─── SUPPLIED RECORDS
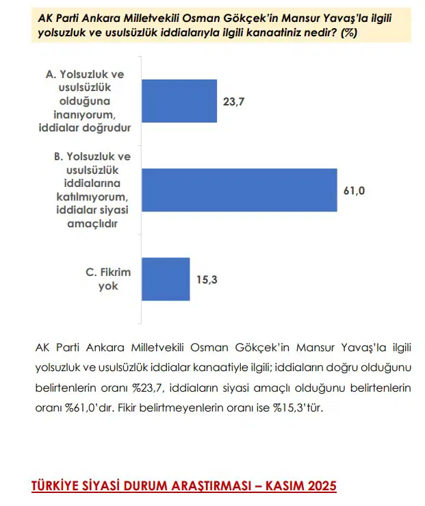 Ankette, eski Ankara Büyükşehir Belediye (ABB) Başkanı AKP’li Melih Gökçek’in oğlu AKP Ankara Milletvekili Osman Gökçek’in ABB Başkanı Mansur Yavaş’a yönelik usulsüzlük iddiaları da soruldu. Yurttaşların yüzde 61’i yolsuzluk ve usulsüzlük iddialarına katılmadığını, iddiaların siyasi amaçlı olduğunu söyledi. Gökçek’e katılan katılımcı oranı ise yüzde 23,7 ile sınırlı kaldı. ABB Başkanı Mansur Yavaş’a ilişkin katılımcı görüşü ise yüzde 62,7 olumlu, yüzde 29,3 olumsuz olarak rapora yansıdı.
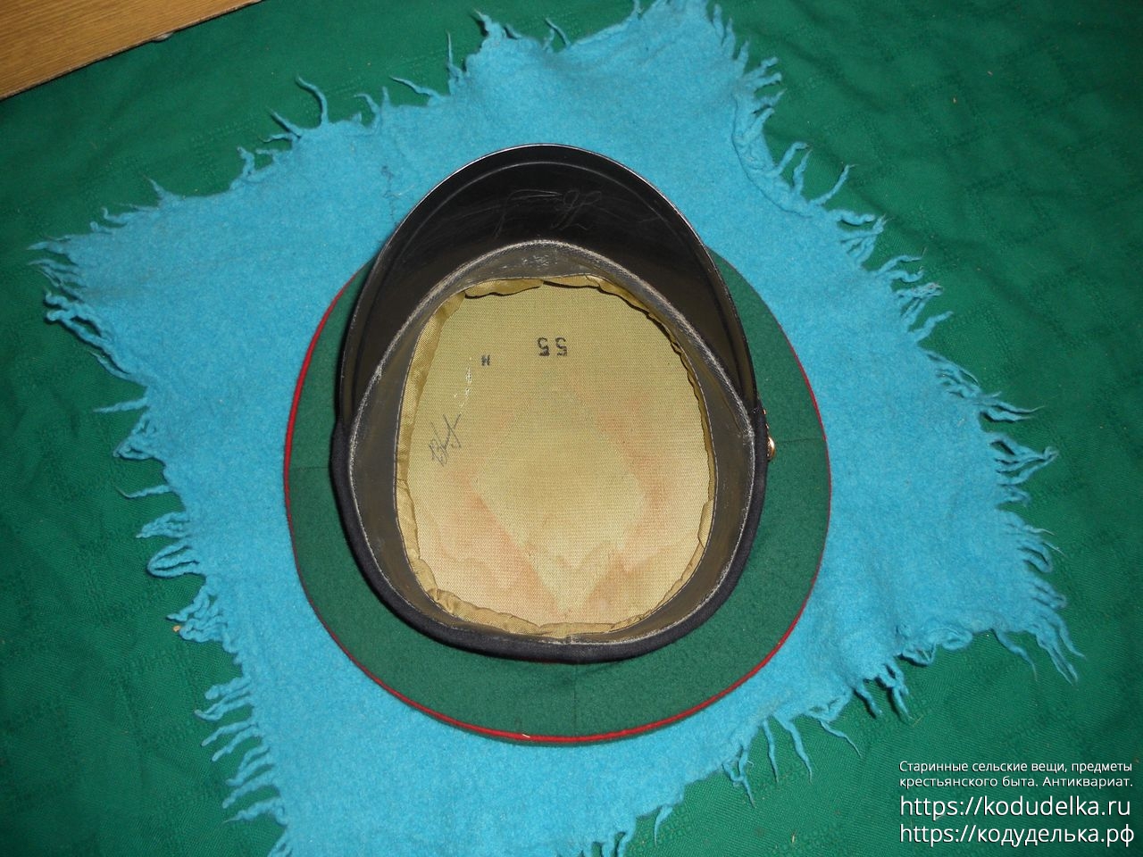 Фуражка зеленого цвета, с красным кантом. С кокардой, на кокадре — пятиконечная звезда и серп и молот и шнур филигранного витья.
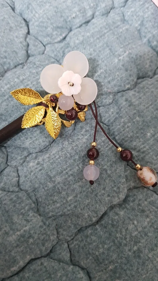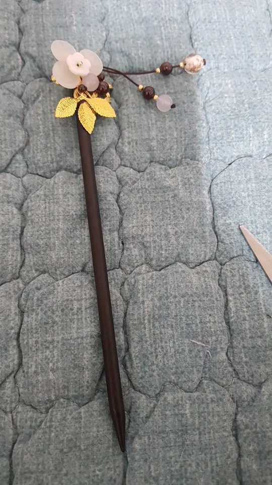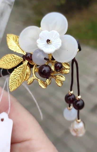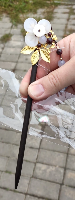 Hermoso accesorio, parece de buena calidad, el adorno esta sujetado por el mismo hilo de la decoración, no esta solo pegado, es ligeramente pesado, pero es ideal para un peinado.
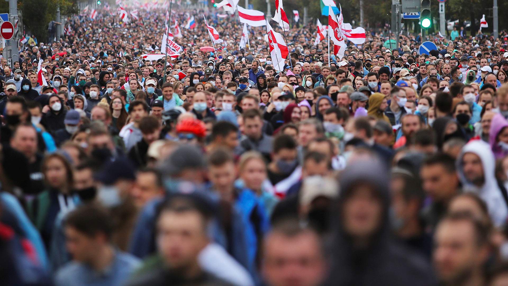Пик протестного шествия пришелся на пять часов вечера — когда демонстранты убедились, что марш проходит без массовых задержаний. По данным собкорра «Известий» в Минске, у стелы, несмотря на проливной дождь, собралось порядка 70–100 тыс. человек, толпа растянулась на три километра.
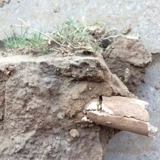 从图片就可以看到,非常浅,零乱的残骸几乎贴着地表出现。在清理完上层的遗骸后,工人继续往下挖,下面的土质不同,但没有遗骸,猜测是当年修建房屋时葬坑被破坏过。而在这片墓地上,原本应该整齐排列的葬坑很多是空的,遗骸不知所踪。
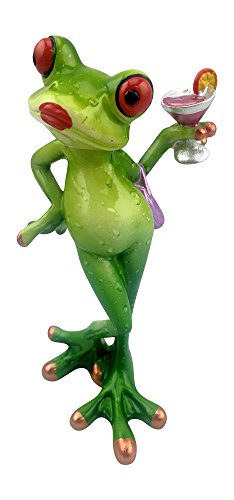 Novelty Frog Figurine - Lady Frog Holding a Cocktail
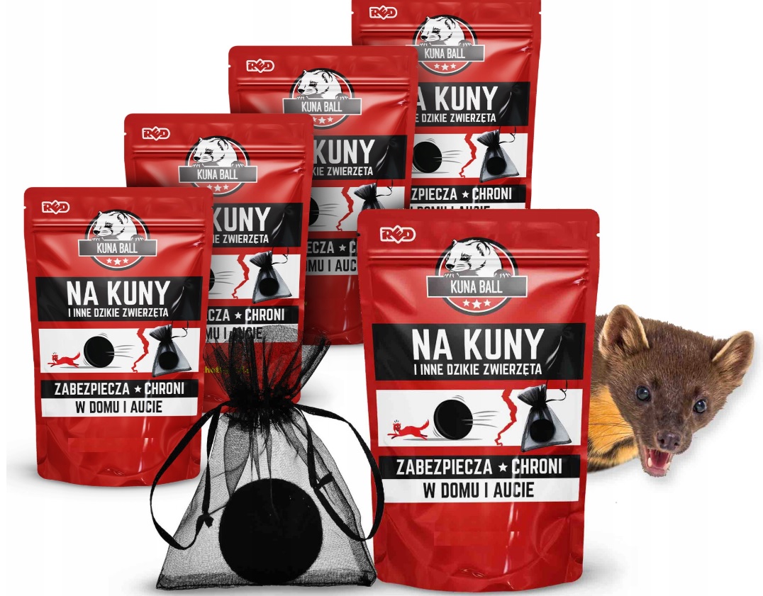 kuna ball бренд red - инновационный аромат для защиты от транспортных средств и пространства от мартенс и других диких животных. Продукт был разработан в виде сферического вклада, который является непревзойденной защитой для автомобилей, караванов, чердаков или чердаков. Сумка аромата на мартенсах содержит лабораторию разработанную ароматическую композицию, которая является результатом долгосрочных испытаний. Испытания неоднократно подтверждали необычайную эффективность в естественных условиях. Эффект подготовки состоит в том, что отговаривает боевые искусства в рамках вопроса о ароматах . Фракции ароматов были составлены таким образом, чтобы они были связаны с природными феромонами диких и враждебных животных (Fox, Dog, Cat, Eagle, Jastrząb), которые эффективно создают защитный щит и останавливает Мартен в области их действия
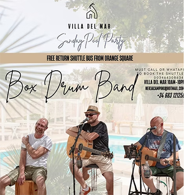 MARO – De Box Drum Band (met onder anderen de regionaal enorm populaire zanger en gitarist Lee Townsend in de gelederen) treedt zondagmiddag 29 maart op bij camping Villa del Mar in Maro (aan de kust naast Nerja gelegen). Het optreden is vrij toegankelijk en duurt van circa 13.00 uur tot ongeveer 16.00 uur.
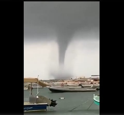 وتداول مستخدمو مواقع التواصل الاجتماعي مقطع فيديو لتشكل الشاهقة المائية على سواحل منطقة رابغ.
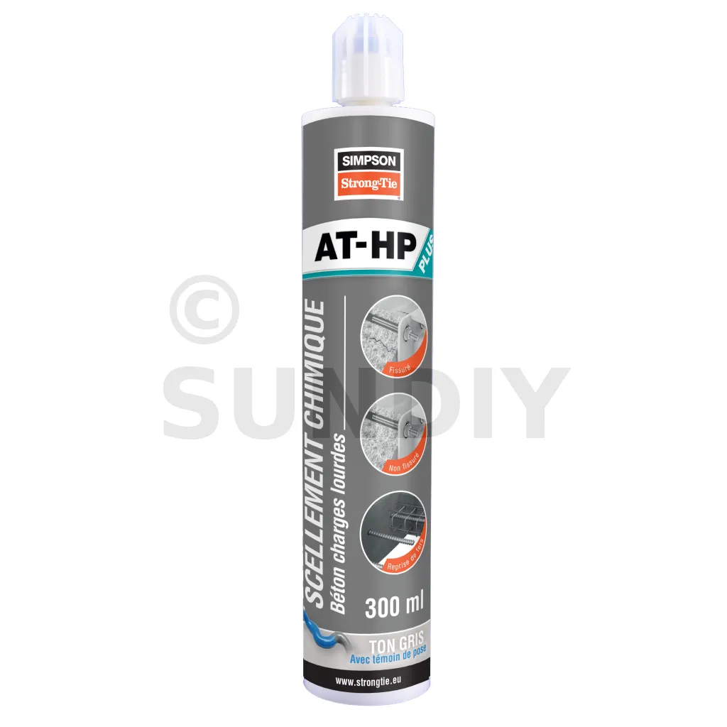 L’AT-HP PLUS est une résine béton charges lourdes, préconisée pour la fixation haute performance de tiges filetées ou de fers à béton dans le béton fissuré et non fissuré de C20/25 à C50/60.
──────
## WORK ITEM
From the listing above, please give again the lines that begin with the line holding "Novelty Frog Figurine" and go on through the line holding "MARO – De Box", exactly, both ends included, minus any picture.

## FINISHED EXERCISE
 Novelty Frog Figurine - Lady Frog Holding a Cocktail
 kuna ball бренд red - инновационный аромат для защиты от транспортных средств и пространства от мартенс и других диких животных. Продукт был разработан в виде сферического вклада, который является непревзойденной защитой для автомобилей, караванов, чердаков или чердаков. Сумка аромата на мартенсах содержит лабораторию разработанную ароматическую композицию, которая является результатом долгосрочных испытаний. Испытания неоднократно подтверждали необычайную эффективность в естественных условиях. Эффект подготовки состоит в том, что отговаривает боевые искусства в рамках вопроса о ароматах . Фракции ароматов были составлены таким образом, чтобы они были связаны с природными феромонами диких и враждебных животных (Fox, Dog, Cat, Eagle, Jastrząb), которые эффективно создают защитный щит и останавливает Мартен в области их действия
 MARO – De Box Drum Band (met onder anderen de regionaal enorm populaire zanger en gitarist Lee Townsend in de gelederen) treedt zondagmiddag 29 maart op bij camping Villa del Mar in Maro (aan de kust naast Nerja gelegen). Het optreden is vrij toegankelijk en duurt van circa 13.00 uur tot ongeveer 16.00 uur.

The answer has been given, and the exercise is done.